Write the data out again so that it matches word for word.

**Data provided:**

============================================================

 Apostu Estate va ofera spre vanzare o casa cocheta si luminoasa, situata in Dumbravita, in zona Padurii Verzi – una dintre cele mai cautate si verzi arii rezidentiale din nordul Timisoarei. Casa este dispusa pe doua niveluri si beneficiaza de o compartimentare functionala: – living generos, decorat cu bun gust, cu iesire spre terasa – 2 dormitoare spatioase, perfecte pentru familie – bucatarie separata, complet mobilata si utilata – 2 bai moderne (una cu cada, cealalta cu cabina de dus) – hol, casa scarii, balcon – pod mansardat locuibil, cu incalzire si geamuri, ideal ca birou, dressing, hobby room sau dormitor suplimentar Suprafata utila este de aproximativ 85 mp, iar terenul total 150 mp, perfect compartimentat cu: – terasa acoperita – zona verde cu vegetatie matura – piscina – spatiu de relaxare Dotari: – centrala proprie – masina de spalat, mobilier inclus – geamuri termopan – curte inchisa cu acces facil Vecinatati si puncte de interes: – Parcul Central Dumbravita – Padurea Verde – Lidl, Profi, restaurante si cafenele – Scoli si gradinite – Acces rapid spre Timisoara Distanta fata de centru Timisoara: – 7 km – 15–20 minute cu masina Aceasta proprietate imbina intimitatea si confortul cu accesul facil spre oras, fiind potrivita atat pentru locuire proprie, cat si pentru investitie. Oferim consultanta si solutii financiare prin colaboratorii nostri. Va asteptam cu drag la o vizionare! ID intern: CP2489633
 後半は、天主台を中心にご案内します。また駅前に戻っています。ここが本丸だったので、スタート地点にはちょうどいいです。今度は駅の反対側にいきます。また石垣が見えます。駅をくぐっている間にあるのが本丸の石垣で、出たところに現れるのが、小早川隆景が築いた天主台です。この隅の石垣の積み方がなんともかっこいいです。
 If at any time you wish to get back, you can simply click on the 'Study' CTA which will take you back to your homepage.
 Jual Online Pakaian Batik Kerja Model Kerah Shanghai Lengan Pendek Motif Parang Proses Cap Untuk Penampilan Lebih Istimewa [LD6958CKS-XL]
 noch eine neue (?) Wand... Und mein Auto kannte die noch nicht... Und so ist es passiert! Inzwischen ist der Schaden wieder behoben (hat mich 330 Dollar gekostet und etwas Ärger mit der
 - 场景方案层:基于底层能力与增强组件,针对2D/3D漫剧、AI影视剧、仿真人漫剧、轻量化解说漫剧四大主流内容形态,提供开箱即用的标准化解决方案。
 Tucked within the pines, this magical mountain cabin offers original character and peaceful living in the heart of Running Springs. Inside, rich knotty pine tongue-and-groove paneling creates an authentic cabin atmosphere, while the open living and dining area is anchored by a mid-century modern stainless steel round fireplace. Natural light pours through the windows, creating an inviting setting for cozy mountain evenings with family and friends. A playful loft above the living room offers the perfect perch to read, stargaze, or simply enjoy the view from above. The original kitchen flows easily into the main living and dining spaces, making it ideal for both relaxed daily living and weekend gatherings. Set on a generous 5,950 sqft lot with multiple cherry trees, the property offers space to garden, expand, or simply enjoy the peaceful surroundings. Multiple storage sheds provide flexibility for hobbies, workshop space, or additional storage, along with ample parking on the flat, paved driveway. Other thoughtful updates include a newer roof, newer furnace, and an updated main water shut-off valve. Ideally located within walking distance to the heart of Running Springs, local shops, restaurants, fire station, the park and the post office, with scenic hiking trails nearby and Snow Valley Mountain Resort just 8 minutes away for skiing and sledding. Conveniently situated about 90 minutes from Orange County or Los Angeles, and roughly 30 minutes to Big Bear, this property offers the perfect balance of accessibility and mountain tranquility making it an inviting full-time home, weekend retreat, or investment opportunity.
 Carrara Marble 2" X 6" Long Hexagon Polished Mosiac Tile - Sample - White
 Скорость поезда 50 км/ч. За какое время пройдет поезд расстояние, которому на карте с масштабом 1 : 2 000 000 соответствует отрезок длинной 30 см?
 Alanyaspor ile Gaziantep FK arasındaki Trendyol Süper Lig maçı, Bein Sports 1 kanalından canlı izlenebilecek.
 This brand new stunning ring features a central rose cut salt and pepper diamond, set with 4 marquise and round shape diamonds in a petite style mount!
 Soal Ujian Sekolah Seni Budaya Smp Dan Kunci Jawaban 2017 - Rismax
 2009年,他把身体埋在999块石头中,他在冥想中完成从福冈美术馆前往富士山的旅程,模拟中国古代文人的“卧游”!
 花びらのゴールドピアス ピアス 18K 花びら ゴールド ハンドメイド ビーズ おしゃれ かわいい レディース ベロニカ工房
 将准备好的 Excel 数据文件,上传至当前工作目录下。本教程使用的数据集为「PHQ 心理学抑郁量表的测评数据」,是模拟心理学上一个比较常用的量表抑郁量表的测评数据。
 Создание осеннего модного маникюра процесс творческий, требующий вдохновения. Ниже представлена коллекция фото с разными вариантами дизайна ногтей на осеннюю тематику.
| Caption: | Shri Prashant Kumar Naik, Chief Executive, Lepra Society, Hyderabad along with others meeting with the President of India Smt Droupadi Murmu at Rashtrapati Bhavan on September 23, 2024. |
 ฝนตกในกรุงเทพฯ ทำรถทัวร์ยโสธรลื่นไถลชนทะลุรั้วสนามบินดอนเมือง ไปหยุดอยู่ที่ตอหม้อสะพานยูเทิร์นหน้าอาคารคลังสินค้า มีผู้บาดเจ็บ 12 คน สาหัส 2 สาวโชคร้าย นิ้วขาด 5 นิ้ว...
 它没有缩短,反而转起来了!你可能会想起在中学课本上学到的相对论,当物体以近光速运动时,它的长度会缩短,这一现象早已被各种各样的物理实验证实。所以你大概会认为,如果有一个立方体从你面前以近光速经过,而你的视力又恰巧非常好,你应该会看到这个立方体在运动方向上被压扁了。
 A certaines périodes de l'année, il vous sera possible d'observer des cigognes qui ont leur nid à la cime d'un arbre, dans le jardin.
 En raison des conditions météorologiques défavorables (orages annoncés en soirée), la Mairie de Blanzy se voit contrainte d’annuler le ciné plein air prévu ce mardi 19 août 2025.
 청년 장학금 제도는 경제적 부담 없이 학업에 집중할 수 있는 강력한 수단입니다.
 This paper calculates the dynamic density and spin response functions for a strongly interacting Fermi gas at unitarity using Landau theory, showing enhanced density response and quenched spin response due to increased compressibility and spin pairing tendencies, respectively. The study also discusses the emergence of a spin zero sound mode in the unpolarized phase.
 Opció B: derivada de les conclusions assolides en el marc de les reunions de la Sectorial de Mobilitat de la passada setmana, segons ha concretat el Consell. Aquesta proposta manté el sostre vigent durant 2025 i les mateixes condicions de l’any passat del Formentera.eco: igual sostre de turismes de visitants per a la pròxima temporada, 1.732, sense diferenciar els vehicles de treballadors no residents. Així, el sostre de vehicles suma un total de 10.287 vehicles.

============================================================

**Solution for this exercise:**
 Apostu Estate va ofera spre vanzare o casa cocheta si luminoasa, situata in Dumbravita, in zona Padurii Verzi – una dintre cele mai cautate si verzi arii rezidentiale din nordul Timisoarei. Casa este dispusa pe doua niveluri si beneficiaza de o compartimentare functionala: – living generos, decorat cu bun gust, cu iesire spre terasa – 2 dormitoare spatioase, perfecte pentru familie – bucatarie separata, complet mobilata si utilata – 2 bai moderne (una cu cada, cealalta cu cabina de dus) – hol, casa scarii, balcon – pod mansardat locuibil, cu incalzire si geamuri, ideal ca birou, dressing, hobby room sau dormitor suplimentar Suprafata utila este de aproximativ 85 mp, iar terenul total 150 mp, perfect compartimentat cu: – terasa acoperita – zona verde cu vegetatie matura – piscina – spatiu de relaxare Dotari: – centrala proprie – masina de spalat, mobilier inclus – geamuri termopan – curte inchisa cu acces facil Vecinatati si puncte de interes: – Parcul Central Dumbravita – Padurea Verde – Lidl, Profi, restaurante si cafenele – Scoli si gradinite – Acces rapid spre Timisoara Distanta fata de centru Timisoara: – 7 km – 15–20 minute cu masina Aceasta proprietate imbina intimitatea si confortul cu accesul facil spre oras, fiind potrivita atat pentru locuire proprie, cat si pentru investitie. Oferim consultanta si solutii financiare prin colaboratorii nostri. Va asteptam cu drag la o vizionare! ID intern: CP2489633
 後半は、天主台を中心にご案内します。また駅前に戻っています。ここが本丸だったので、スタート地点にはちょうどいいです。今度は駅の反対側にいきます。また石垣が見えます。駅をくぐっている間にあるのが本丸の石垣で、出たところに現れるのが、小早川隆景が築いた天主台です。この隅の石垣の積み方がなんともかっこいいです。
 If at any time you wish to get back, you can simply click on the 'Study' CTA which will take you back to your homepage.
 Jual Online Pakaian Batik Kerja Model Kerah Shanghai Lengan Pendek Motif Parang Proses Cap Untuk Penampilan Lebih Istimewa [LD6958CKS-XL]
 noch eine neue (?) Wand... Und mein Auto kannte die noch nicht... Und so ist es passiert! Inzwischen ist der Schaden wieder behoben (hat mich 330 Dollar gekostet und etwas Ärger mit der
 - 场景方案层:基于底层能力与增强组件,针对2D/3D漫剧、AI影视剧、仿真人漫剧、轻量化解说漫剧四大主流内容形态,提供开箱即用的标准化解决方案。
 Tucked within the pines, this magical mountain cabin offers original character and peaceful living in the heart of Running Springs. Inside, rich knotty pine tongue-and-groove paneling creates an authentic cabin atmosphere, while the open living and dining area is anchored by a mid-century modern stainless steel round fireplace. Natural light pours through the windows, creating an inviting setting for cozy mountain evenings with family and friends. A playful loft above the living room offers the perfect perch to read, stargaze, or simply enjoy the view from above. The original kitchen flows easily into the main living and dining spaces, making it ideal for both relaxed daily living and weekend gatherings. Set on a generous 5,950 sqft lot with multiple cherry trees, the property offers space to garden, expand, or simply enjoy the peaceful surroundings. Multiple storage sheds provide flexibility for hobbies, workshop space, or additional storage, along with ample parking on the flat, paved driveway. Other thoughtful updates include a newer roof, newer furnace, and an updated main water shut-off valve. Ideally located within walking distance to the heart of Running Springs, local shops, restaurants, fire station, the park and the post office, with scenic hiking trails nearby and Snow Valley Mountain Resort just 8 minutes away for skiing and sledding. Conveniently situated about 90 minutes from Orange County or Los Angeles, and roughly 30 minutes to Big Bear, this property offers the perfect balance of accessibility and mountain tranquility making it an inviting full-time home, weekend retreat, or investment opportunity.
 Carrara Marble 2" X 6" Long Hexagon Polished Mosiac Tile - Sample - White
 Скорость поезда 50 км/ч. За какое время пройдет поезд расстояние, которому на карте с масштабом 1 : 2 000 000 соответствует отрезок длинной 30 см?
 Alanyaspor ile Gaziantep FK arasındaki Trendyol Süper Lig maçı, Bein Sports 1 kanalından canlı izlenebilecek.
 This brand new stunning ring features a central rose cut salt and pepper diamond, set with 4 marquise and round shape diamonds in a petite style mount!
 Soal Ujian Sekolah Seni Budaya Smp Dan Kunci Jawaban 2017 - Rismax
 2009年,他把身体埋在999块石头中,他在冥想中完成从福冈美术馆前往富士山的旅程,模拟中国古代文人的“卧游”!
 花びらのゴールドピアス ピアス 18K 花びら ゴールド ハンドメイド ビーズ おしゃれ かわいい レディース ベロニカ工房
 将准备好的 Excel 数据文件,上传至当前工作目录下。本教程使用的数据集为「PHQ 心理学抑郁量表的测评数据」,是模拟心理学上一个比较常用的量表抑郁量表的测评数据。
 Создание осеннего модного маникюра процесс творческий, требующий вдохновения. Ниже представлена коллекция фото с разными вариантами дизайна ногтей на осеннюю тематику.
| Caption: | Shri Prashant Kumar Naik, Chief Executive, Lepra Society, Hyderabad along with others meeting with the President of India Smt Droupadi Murmu at Rashtrapati Bhavan on September 23, 2024. |
 ฝนตกในกรุงเทพฯ ทำรถทัวร์ยโสธรลื่นไถลชนทะลุรั้วสนามบินดอนเมือง ไปหยุดอยู่ที่ตอหม้อสะพานยูเทิร์นหน้าอาคารคลังสินค้า มีผู้บาดเจ็บ 12 คน สาหัส 2 สาวโชคร้าย นิ้วขาด 5 นิ้ว...
 它没有缩短,反而转起来了!你可能会想起在中学课本上学到的相对论,当物体以近光速运动时,它的长度会缩短,这一现象早已被各种各样的物理实验证实。所以你大概会认为,如果有一个立方体从你面前以近光速经过,而你的视力又恰巧非常好,你应该会看到这个立方体在运动方向上被压扁了。
 A certaines périodes de l'année, il vous sera possible d'observer des cigognes qui ont leur nid à la cime d'un arbre, dans le jardin.
 En raison des conditions météorologiques défavorables (orages annoncés en soirée), la Mairie de Blanzy se voit contrainte d’annuler le ciné plein air prévu ce mardi 19 août 2025.
 청년 장학금 제도는 경제적 부담 없이 학업에 집중할 수 있는 강력한 수단입니다.
 This paper calculates the dynamic density and spin response functions for a strongly interacting Fermi gas at unitarity using Landau theory, showing enhanced density response and quenched spin response due to increased compressibility and spin pairing tendencies, respectively. The study also discusses the emergence of a spin zero sound mode in the unpolarized phase.
 Opció B: derivada de les conclusions assolides en el marc de les reunions de la Sectorial de Mobilitat de la passada setmana, segons ha concretat el Consell. Aquesta proposta manté el sostre vigent durant 2025 i les mateixes condicions de l’any passat del Formentera.eco: igual sostre de turismes de visitants per a la pròxima temporada, 1.732, sense diferenciar els vehicles de treballadors no residents. Així, el sostre de vehicles suma un total de 10.287 vehicles.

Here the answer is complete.